Диана попыталась припомнить, когда в последний раз слышала отсчитывающий время колокол ратуши, но не сумела. Огляделась, но паланкина Ниери, кажется, нигде не было видно. Опасаясь опоздать на встречу, обошла очередь прихожан и паломников, медленно втягивающуюся через створку храма (вторая оставалась закрытой). Назвала своё имя следящим за порядком стражам в безрукавных коттах с разделённым на четыре доли кругом Многоликой поверх кольчуг. Герцогиню беспрепятственно пропустили, отворив для неё дверцу в запертом створе, и даже любезно сопроводили вглубь сооружения, туда, где в храмах располагается амвон, а здесь, весь в золотом, цвета Многоликой, свечении, был тот самый грот, песчинка в сравнении с настроенной вокруг него громадой.
Дар хранил молчание, немое, как эти стены.
У самого грота, как с амвона, вещал местный жрец с длинным благообразным лицом. Парчовое его одеяние, бесформенное и бесполое, не гнулось от обилия золотого шитья, и жрец, казалось, может стоять в этом почти не прилегающем к телу коробе, даже подогнув ноги. Веско кивая и прикрывая лучащиеся отеческим состраданием глаза, жрец смиренно вещал о необходимости веры, о сплочённости и братстве в эти смутные времена, о мужестве и прочих, в общем и целом, правильных и нужных вещах, но Диане его речь небезосновательно виделась составленной под диктовку сверху.
В храме было тепло, почти жарко от многолюдия, и Диана, стоявшая в первых рядах внемлющих, переступала с ноги на ногу, радуясь тому, как к коленям и ступням приливает тепло. Вопреки её впечатлению, слушатели принимали речь жреца, не чуя политической подоплёки. Говорил он складно, грамотным и в нужных местах цветистым, чтоб не заскучали, языком, а этого уже было немало для убеждения. Благообразный его и несколько отрешённый вид, как если бы жрецу и впрямь ничего не стоило, отринув предельскую суету, перекинуться парой слов с божественной покровительницей, довершал дело.
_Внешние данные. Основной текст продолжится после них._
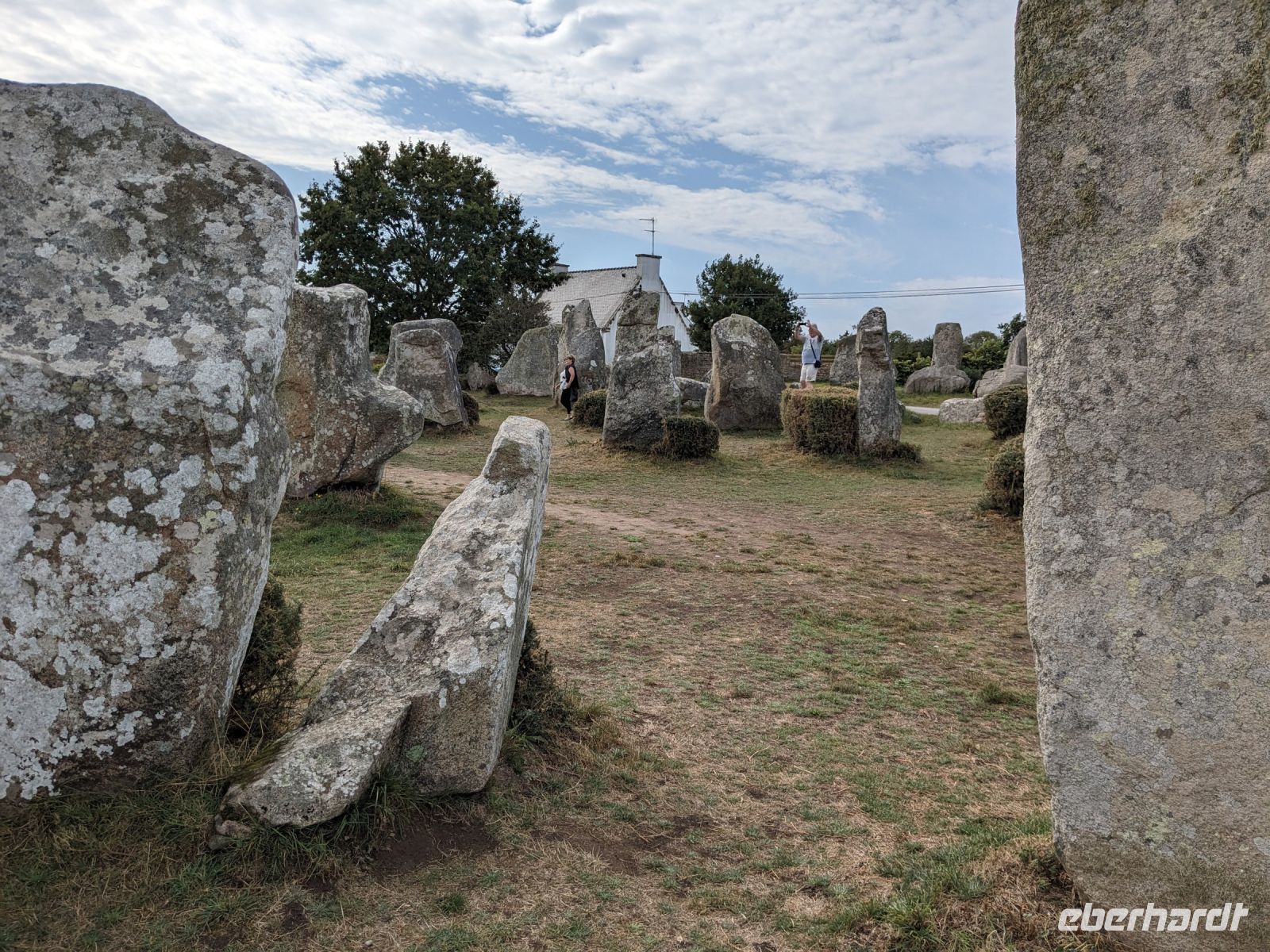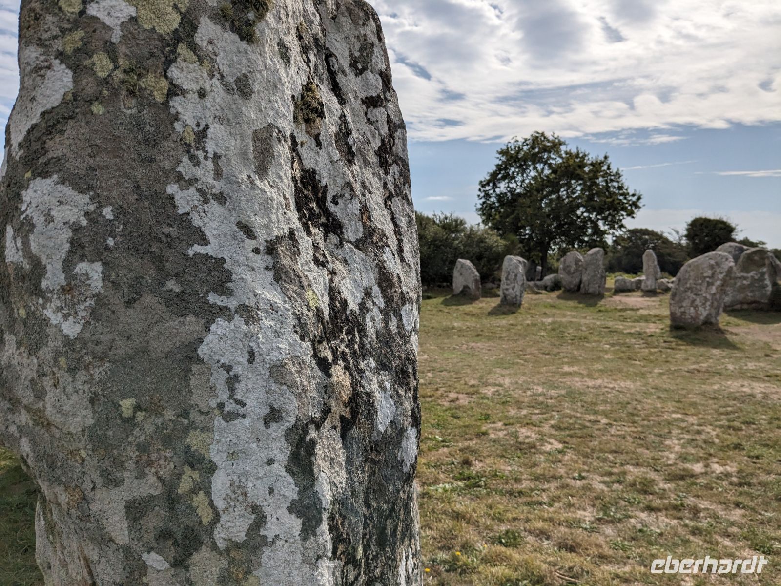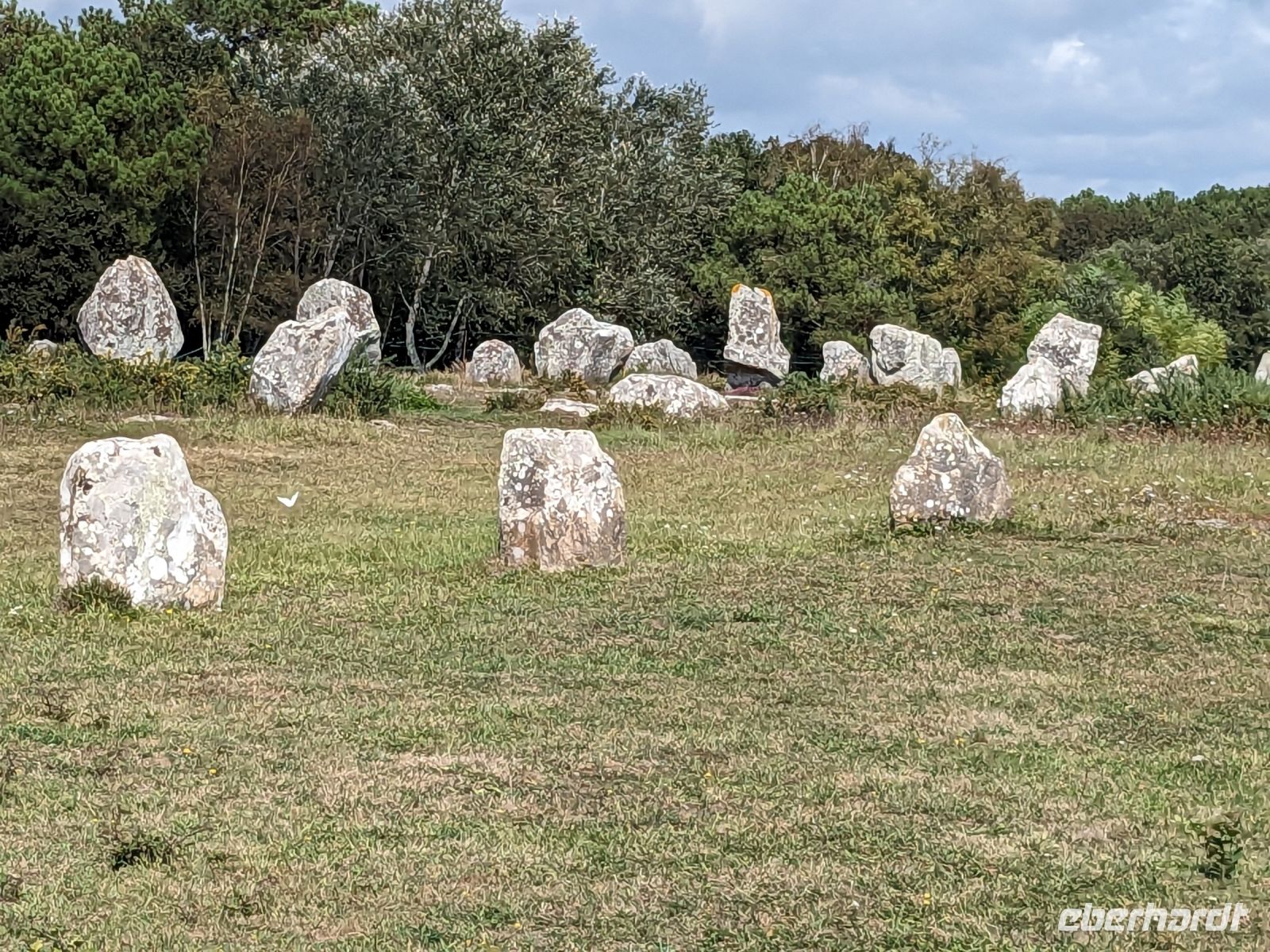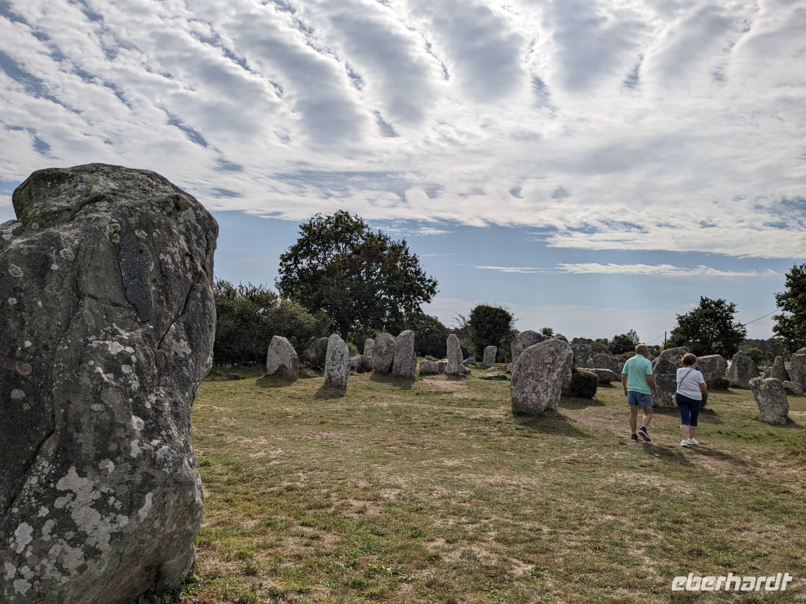 Nach etwas Freizeit, die sich außer der Altstadtbesichtigung auch lohnte, weil die Markthalle offen hatte und die ganze Stadt wegen eines Sportereignisses auf den Beinen war, fuhren weiter in Richtung Golf von Morbihan, in dessen Bereich sich auch das „Gebiet der großen Steine“ befindet. Zeugnisse der Megalithkultur findet man in vielen Ländern Europas, aber nirgends sind sie so eindrucksvoll wie in Großbritannien, Irand und der Bretagne. Hier in der südlichen Bretagne gibt es neben den überall weltweit zu findenden „stehenden Steinen“, den Menhiren, eine ganz besondere Art von Großsteinmonumenten: die Alignements genannten Steinreihen, parallele Setzungen riesiger Steine, oft kilometerlang in mehreren Reihen nebeneinander. Die ersten davon, bestehend aus tonnenschweren Felsbrocken, die immer noch etwas Mystisches ausstrahlen, sahen wir bei einem Fotostopp an den Alignements von Kerzhero, bei denen man noch direkt zwischen den stehenden Kolossen herumlaufen kann.

Жрец (или Нолан) дальновидно не называл вещи своими именами, но давал понять, какое поведение угодно Многоликой. Кто-то сокрушённо ахал, угнетённый приближением бедствий; жрец скорбно кивал головой и простирал к людям руки в негнущихся рукавах, словно намереваясь обнять их в этом нарочитом жесте.
Следующим номером программы выступал некий святой человек. Если тот и был жрецом, то ему не посчастливилось подвизаться при таком богатом храме, как этот. Одежда его имела сходство со жреческой только бесформенностью и несуразностью кроя, а о святости намекал разве что болтающийся на впалой груди знак Хозяйки.
Этот всклоченный неопрятный человечек взял совсем иной тон выступления. Заскучавшая в ожидании Ниери и несколько разомлевшая от тепла и духоты Диана в изумлении вслушалась в непрерывный поток обвинений и изобличений, что понёс плюгавого оратора, как кобыла, которой под хвост угодила колючка. Куда смотрел герцог Нолан или его люди, впустив в прибыльный храм, где над душами властвует герцогский карманный жрец?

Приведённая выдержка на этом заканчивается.